Perhaps unsurprisingly, that paradisical state is spoiled—with little warning and much melodrama—when a group of Jews murder Farha’s family in cold blood. Murray continues:
Although we get [just] one glimpse of Mandate-era British troops retreating, we have no sense of Egyptian, Jordanian, Syrian, and other troops advancing. We have no sign that Palestinians or other Arabs were involved in any atrocities or even fighting at this time. The film fails as a work of entertainment because it is so un-entertaining. But it fails as a work of art because it is so artless.

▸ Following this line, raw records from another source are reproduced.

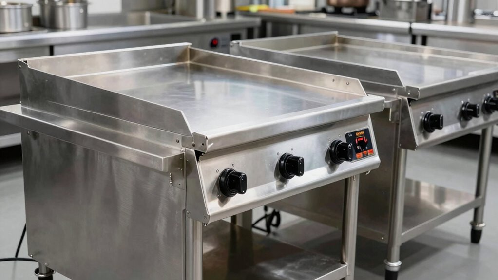 Cleaning and maintaining these griddles is surprisingly straightforward—if you enjoy scrubbing, that is. I just heat it up, scrape off the leftover bits with a metal spatula, and wipe it down with a damp cloth. Regular oiling keeps the surface non-stick and rust-free. Honestly, with a little routine, these units stay in top shape without much hassle, making cooking and cleanup a breeze.
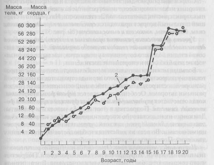 Массателадо 14 лет изменяется медленно. С 14-15 лет начинает­ся ее бурное увеличение, которое сопровождается быстрым прирос­том массы сердца (рис. 51). Вес мышечной массы достигает к 15 годам 32% массы тела, а к 17-18 годам — взрослого уровня (44%).
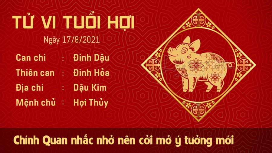 Chính Quan nhắc nhở con giáp tuổi Hợi điều quan trọng nhất trong ngày hôm nay là hãy cởi mở với những ý tưởng mới, với những mục tiêu mới, nhờ thế bạn sẽ thấy từng phút giây đi qua rất ý nghĩa và giá trị đấy. Kim - Thủy tương sinh hậu thuẫn cho vận trình tình cảm của bản mệnh được suôn sẻ, nhiều cặp vợ chồng dần tìm cách để hòa hợp và yêu thương nhau nhiều hơn. Một số khác biệt không làm cho hai người cảm thấy căng thẳng như trước đây. Theo Nhị thập bát tú khuyên bản mệnh khởi công tạo tác việc gì cũng không tốt. Kỵ nhất là chôn cất, sửa đắp mồ mả, đóng thọ đường.
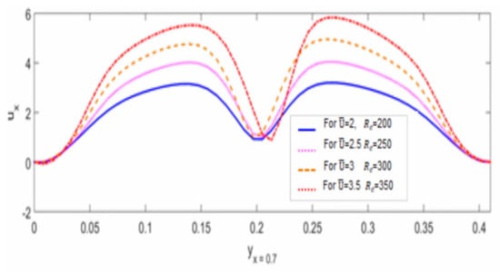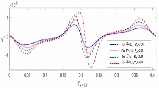 In this paper, the combined effect of linearly increasing Reynolds number and mean inflow velocity on flow velocity fields with mesh independence analysis has been studied by employing a monolithic Eulerian formulation to Cosserat fluid–structure interaction (CFSI) problems at a micro-structural level in a non-classical framework. The governing mathematical modeling of the CFSI problem has been derived using underlying laws of continuum mechanics. The results of the present study have been obtained by computing a prominent classical FSI benchmark test FLUSTRUK-FSI-3* with FreeFEM++ software. This benchmark test was validated by comparing the results with classical solutions present in the literature. The frequency and the amplitude of oscillations with a mesh of vertices and a uniform time-step size of validated the benchmark test in a non-classical framework. The results obtained indicated that a uniform linear increase in Reynolds number and mean inflow velocity produced a significant combined micro-structural effect on the micro-rotation velocity field , and a direct relation was found between the micro-rotational effect and both parameters. Moreover, this combined effect of increasing and on the velocity field has also been observed as very significant in the sense that horizontal and vertical flow velocity profiles experienced great variation by maintaining the same pattern on each increasing value of and at any particular location in the computational domain. Furthermore, the mesh independence analysis has been employed to verify the convergence of all results and demonstrated for flow velocity fields in a non-classical framework. The results converged nicely on employing the mesh independence analysis, which enhanced the desired accuracy of the obtained results and strengthened the governing modeling of the proposed CFSI problem. Further, the validation of the classical benchmark test made the results very significant and robust for the analysis of the micro-structural characteristics of fluid flow, especially using mesh independence analysis to ensure the desired accuracy of the obtained results. However, the implementation of algorithmic description requires enhanced computational resources to achieve the desired accuracy of results due to three additional micro-rotational degrees of freedom (dof), which makes the CFSI model very complex. Finally, the present study can be extended further for the analysis of the effects of micro-viscosity parameters on flow velocity fields for such coupling problems in a non-classical framework.
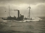 (SDY-V001)Lieutenant G. Eric McAllister in informal battle dress at the ship's helm. Behind him are the bins used for storing signal flags on HMCS SUDEROY V, the ship in which he served during the Second World War. // Source: website - McAllister Genealogy - Under the White Ensign (SDY-V002) Unknown Sailor chipping ice on HMCS SUDEROY V // Source: website - McAllister Genealogy - Under the White Ensign (SDY-V003)HMCS SUDEROY V in rough seas // From the collection of Tel William (Bill) Green, RCNVR // Courtesy of Nancy Johnson (SDY-V004) HMCS LLEWELLYN J278 and HMCS SUDEROY V J05 seen from the sweep deck of HMCS LLOYD GEORGE J279 // From the collection of François Messier, AB, RCNVR // Courtesy of Denis Messier
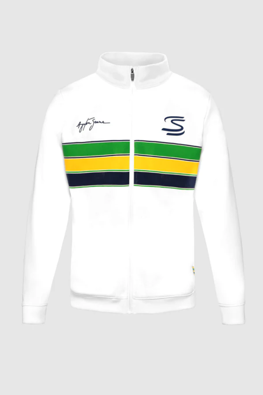 Veste zippée officielle Ayrton Senna en tricot recyclé. Logos en relief, rayures imprimées, poches zippées. Style et confort pour les fans de F1.
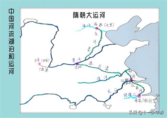 为了巩固统治加强南北政治经济文化的交流,公元605年,隋炀帝开始开凿运河。大运河的两个终点,一个中心点北端的终点,是在当时的涿郡,也就是现在的北京;南端的终点是余杭,也就是现在的杭州。还有一个中心点是洛阳
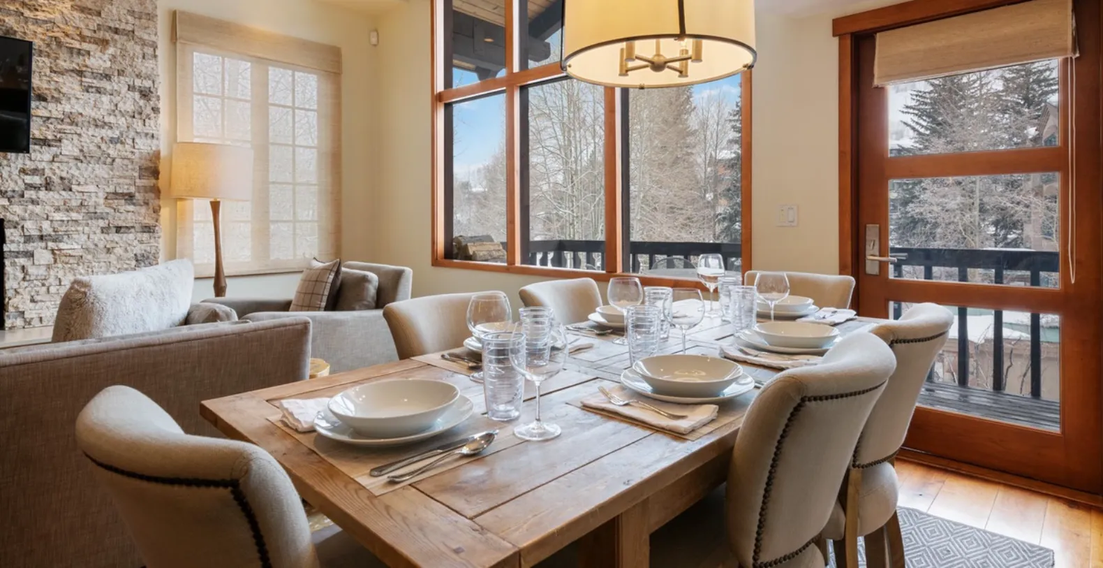 The open-concept layout allows everyone to gather comfortably, whether lounging in the living area or preparing meals in the thoughtfully designed kitchen. Fully equipped and beautifully appointed, the kitchen features a generous island with seating for four, allowing the chef in your group to stay connected while cooking. Adjacent to the kitchen, the dining area seats six, making it perfect for shared breakfasts before hitting the slopes or cozy dinners after a day outdoors. Just off the great room, a private balcony with a gas grill offers an ideal setting for casual al fresco meals or a quiet moment overlooking the creek.
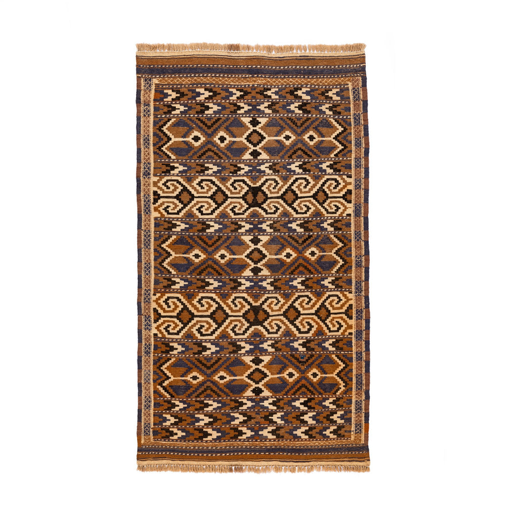 Turkmen Kilims are woven by the traditional desert nomads of Turkmenistan using durable local wool. A unique weaving technique is used, which allows thinner carpets to be produced with the same motif on both sides, making them reversible. Turkmen Kilims usually have often geometric designs as the weaving technique implies certain limitations, resulting in a banded pattern. They are produced from good quality wool and will help you give your home an Oriental feel.
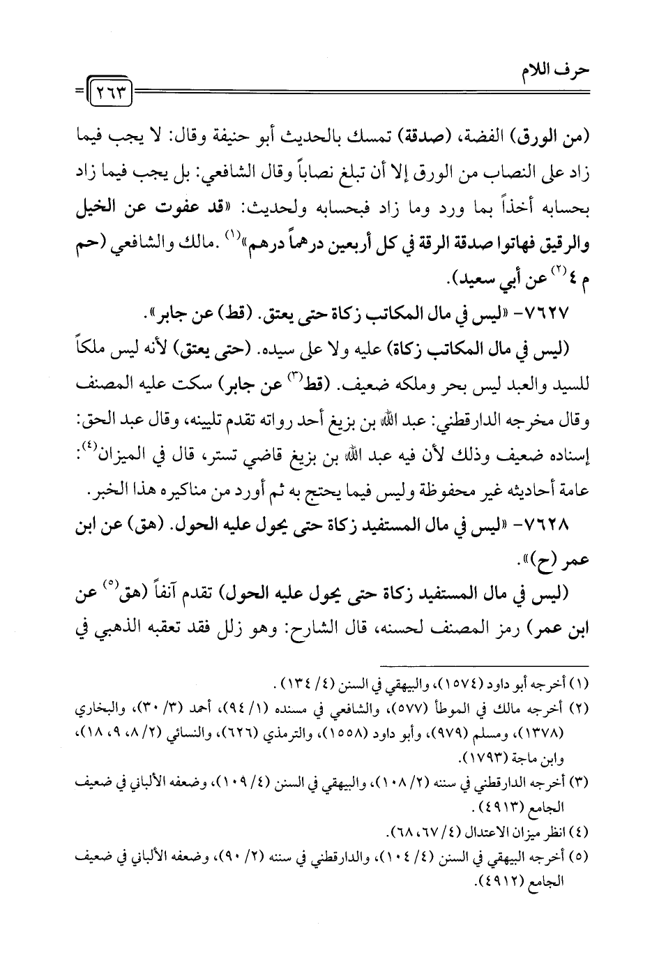 7628 - "ليس في مال المستفيد زكاة حتى يحول عليه الحول. (هق) عن ابن عمر (ح) ".

So what is it doing on Netflix?
My suspicion is that the platform has taken a certain amount of criticism because of the number of Israeli-made productions that have appeared on the platform. Dramas like Fauda have been among the most popular series of their kind on the platform—something that has drawn a certain amount of negative attention in the Arab press. Though just consider the difference between what Fauda does and what Farha does.
Does Fauda show all Palestinians to be evil child-killers? No, absolutely not. The series repeatedly shows Palestinians, Israeli Arabs, and others who want the best for their people and advocate and work for peace. Does Fauda show all Israelis as suffering, put-upon victims and people who are morally untainted? No, it shows people at all levels of society who are morally complex, torn, and self-questioning. Would Fauda even work as drama if it showed Israel without the Arabs as the sort of sepia-tinted Eden as Farha portrays the land without Jews as being? Absolutely not. And in that comparison you see the true ugliness of what Netflix has done here.